» Provided material
····················

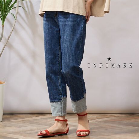 ■人気のデニムブランド「インディマーク」とのコラボ!遊び心のある裾切り替えが可愛いストレートパンツ■
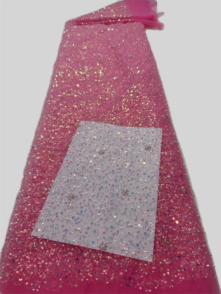 Luxury Pink Nigerian Lace Sequins Fabric 2025 High Quality Lace African Beads Lace Fabrics French For Wedding Party Dress Sewing
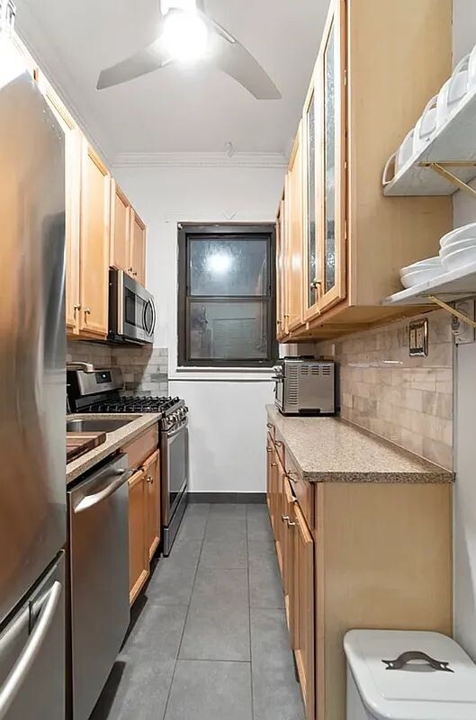 Welcome to Apt 5B at 320 East 86th Street, a charming 2-bedroom, 1-bathroom residence in the desirable Yorkville neighborhood. This home boasts 900 square feet of living space on the fifth floor of a boutique condop built in 1925. The unit features pre-war detailing, including exposed brick walls, decorative moldings, and extra tall ceilings. The spacious living room seamlessly connects to a dining area, perfect for entertaining. The windowed kitchen is equipped with stainless-steel appliances, wood cabinetry, and a Silestone countertop. Both bedrooms are enhanced with ample closet space and custom-built ins, providing functionality and style. The bathroom includes a window for natural light. The building offers desirable amenities such as an elevator and a roof deck with stunning city views.
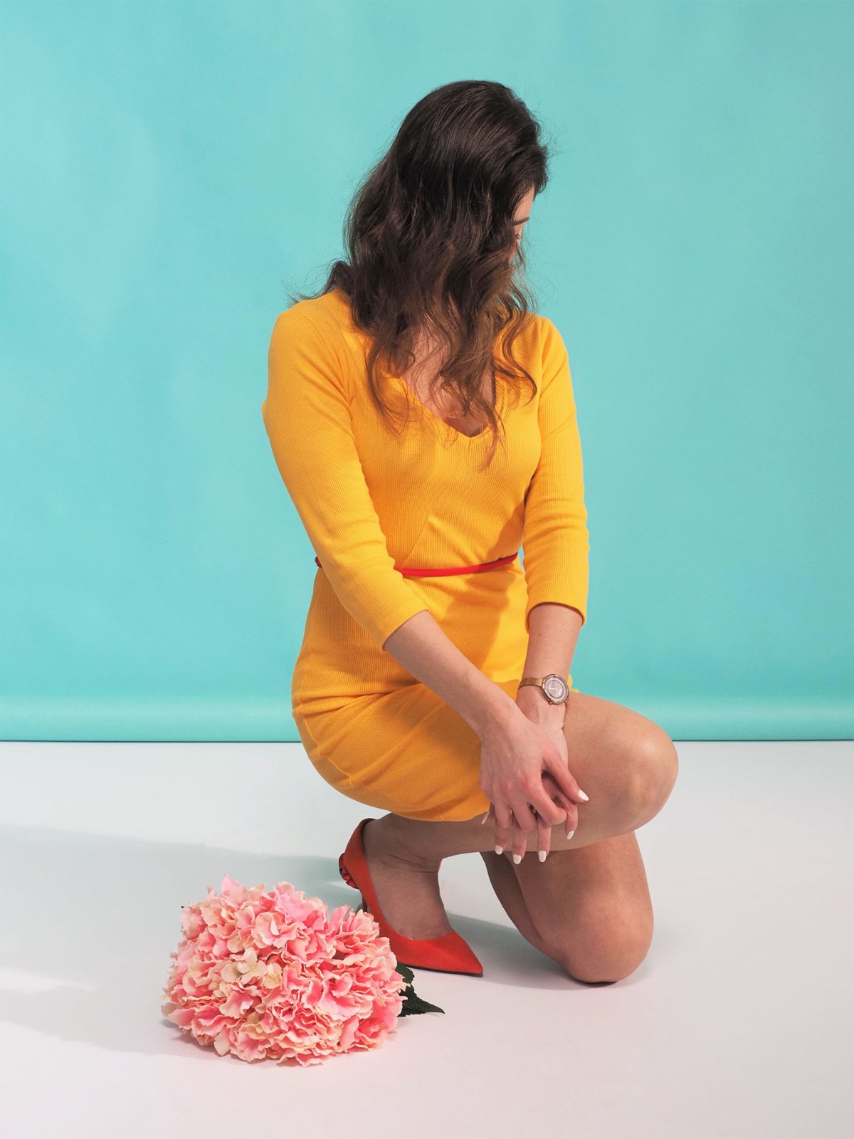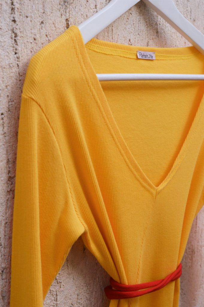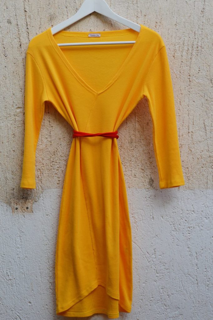 Mini , cotton , ribbed , stretch , dusty orange dress , with 3/4 sleeves and a V opening in the neckline ! With a special seam in the front and an opening on the lower front ! COT 95% LYC 5%

····················

» Exercise requirements
Without the pictures, please reproduce each line of the listing above exactly, from the first one through the line bearing "Luxury Pink Nigerian".

» Result of the task
 ■人気のデニムブランド「インディマーク」とのコラボ!遊び心のある裾切り替えが可愛いストレートパンツ■
 Luxury Pink Nigerian Lace Sequins Fabric 2025 High Quality Lace African Beads Lace Fabrics French For Wedding Party Dress Sewing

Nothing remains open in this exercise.